The data were analyzed by analysis of variance and regression using the System of Statistical Analysis of the SAEG software (version 9.1), adopting a level of significance of 5.00% for type I error. The Dunnett test was used to compare the control treatment (silk flower silage without the addition of mango and tomato waste) with the other treatments (levels of inclusion of mango and tomato waste).


Results and Discussion

There were no effects for the inclusion levels of mango and tomato waste on density, gas losses, and pH of silk flower silages. The mean values were 588 kg FM/m3, 4.91% and 3.39, respectively. However, by Dunnett test, treatments with mango and tomato waste showed lower gas losses and pH values when compared to the control silage (Table 1). The density obtained for silk flower silage, with or without mango and tomato waste, presented an adequate value, corroborating Ruppel et al (1995), who recommended densities higher than 550 kg FM/m3 and lower than 850 kg FM/m3 as ideal for the conservation of forage as silage. Belém et al (2016) found no effects of the addition of grape waste on the density of silk flower silage.

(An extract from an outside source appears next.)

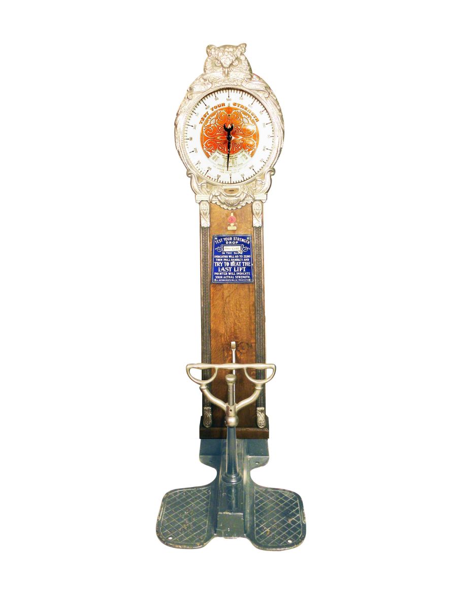 Mill's Perfect Muscle Developer, "Test your strength", coin operated. Mills Novelty Co., Chicago, IL. Excellent working condition. Comes with key for machine and coin box. 21 X 66 X 26 inches.
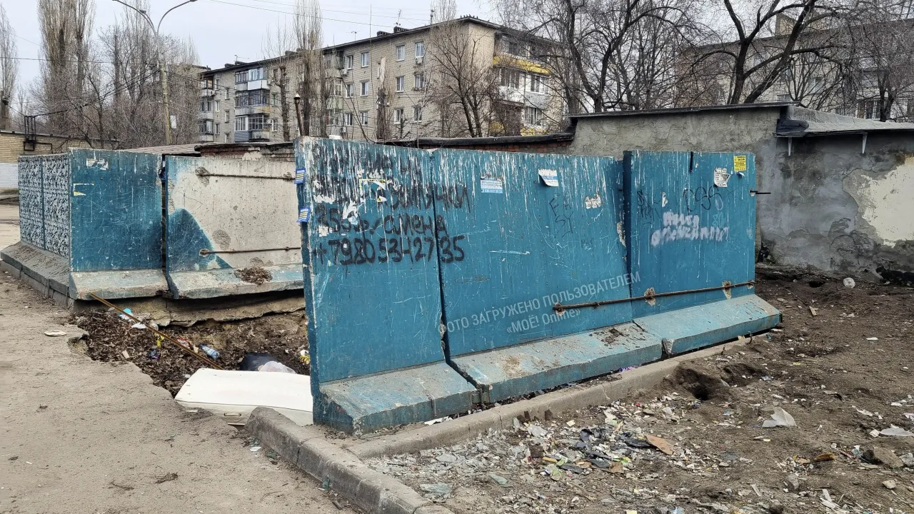 Уникальность её в том что бетонные плиты, образующие забор "парят" в воздухе над площадкой то есть над ямой для сбора ТКО. Плиты со временем покосились.

The mean value was 486 kg FM/m3, lower than that observed in the present study and below the value considered ideal.

Table 1. Density, fermentation losses, dry matter recovery and pH of silk flower silage with mango and tomato waste
Item Mango and tomato waste (%FM) SEM p
0.00 10.0 15.0 20.0 L Q D
Density (kg FM/m3) 577 587 579 609 7.68 NS NS NS
Effluent loss (kg/ton of FM)1 15.4 24.3* 15.9 16.9 0.98 0.001 0.001 0.001
Gas loss (% DM) 7.17 3.88* 3.90* 4.68* 0.37 NS NS 0.001
Total DM loss (%)2 11.8 5.17* 16.5* 22.8* 1.67 0.001 0.001 0.002
DM Recovery (%)3 88.2 94.8* 83.4* 77.2* 1.67 0.001 0.001 0.001
pH 4.03 3.49* 3.01* 3.02* 0.11 NS NS 0.001
FM, Fresh matter; SEM, Standard error of mean; L, Linear effect; Q, Quadratic effect; D, Dunnett test effect; DM, Dry matter; NS, Non-significant (p >0.05).
Means followed by asterisk (*) differ significantly from the control treatment (0.00% of mango and tomato waste) by the Dunnett test; at 5.00% probability.
1y = 15.6 + 1.04x – 0.0424x2;     2y = 11.6 – 1.48x + 0.0792x2;     3y = 88.3 + 1.48x – 0.0792x2

One way of evaluating the quality of silage fodder fermentation is to measure gas losses, effluents, and total DM in silage using laboratory silos (PVC silos or plastic buckets) containing a suitable lid (Bunsen valve) to analyze the elimination of gases, and sand to analyze effluent recovery (Jobim et al 2007). According to McDonald et al (1991), when low density silages are produced, the probability of containing more residual air in the ensiled mass is increased. Consequently, there are a higher loss by respiration (CO2  release and loss of DM), lower aerobic stability, and higher post-opening losses, which leads to an increase in the final pH and silage DM losses. In the present study, there was a positive effect of the addition of mango and tomato waste due to an adequate compaction of silages and adequate densities, providing fermentative stability of the ensiled mass, which presented lower gas losses and a lower pH compared to the control silage.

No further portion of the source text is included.